I spoke to him today, casually, about moving forward. I mentioned dating and things of the kind. He became noticeably jealous. We spent a long time together this afternoon after that, laughing and talking. It was a good time. i think he went to OW's apartment afterward for half an hour or so. I don't know how I'm supposed to survive this.
This was a tough read. You sound like you’re really struggling.
Rejoice - I want you to think of yourself as an addict.
Your addiction is wanting to do and say normal things with him (like talk, laugh and pretend it’s like it used to be). That’s what LBSs do. They crave normality and what they’re comfortable with, so they make any and every excuse to get that short term dopamine high - such as having fun interactions with their spouse, or by making them jealous. And deep down, they know it’s bad for them. We see LBS after LBS who come here, and admit they need to have barriers and boundaries, but inevitably they come back a few days later with their tails between their legs - saying they kissed or talked or held hands … and now they’re spouse has disappeared back to crazy town or affair partner, and they are broken and depressed all over again.

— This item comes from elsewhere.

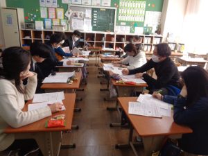 12月15日(月)、第3回授業研究が行われました。今回は、各学年3組の先生方に授業を公開していただきました。先生方は、子供たちからさまざまな考えを引き出しながら授業を進めてくださいました。子供たちは授業に集中し、真剣に考えながら意欲的に学習に取り組んでいました。放課後には、先生方で本日の授業を振り返り、よりよい授業にしていこうと熱心に話し合いを行いました。

You need to realise that every time you interact with him and try to force things to feel normal, it will be good in the short term - but very bad long term. You’re a drug addict who gets a short term dopamine hit and then falls off the cliff with huge withdrawals and a hangover.
The same thing will happen again if you allow it. You’ll try to draw closer to him, you’ll be nice, or intimate, or buy him a gift… and then he’ll smash your heart on the rocks the next day.
Please stop having these interactions with him. Talk to your IC about having boundaries in place to protect yourself. You need to break this addiction, because it’s only ever a short term high.